### Your assignment
Of all the lines below, output only those starting at the one with "微距人物模型心理沙盘生活场景汽车维修宠物狗互动" and ending at the one with "OLrain欧芮儿蓝色直筒牛仔裤女夏季2024年新款高腰阔腿显瘦长裤", both ends included, exactly as written.

### Data to examine

- - - - - - -

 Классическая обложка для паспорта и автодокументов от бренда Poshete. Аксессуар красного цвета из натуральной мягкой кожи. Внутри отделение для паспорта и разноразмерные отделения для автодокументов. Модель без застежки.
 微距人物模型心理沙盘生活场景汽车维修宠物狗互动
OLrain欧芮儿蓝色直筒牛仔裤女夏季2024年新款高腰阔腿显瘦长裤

- - - - - - -

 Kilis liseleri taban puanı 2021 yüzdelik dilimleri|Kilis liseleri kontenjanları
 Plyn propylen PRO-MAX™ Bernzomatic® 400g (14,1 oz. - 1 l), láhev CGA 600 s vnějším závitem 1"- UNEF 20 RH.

- - - - - - -

### Finished exercise
 微距人物模型心理沙盘生活场景汽车维修宠物狗互动
OLrain欧芮儿蓝色直筒牛仔裤女夏季2024年新款高腰阔腿显瘦长裤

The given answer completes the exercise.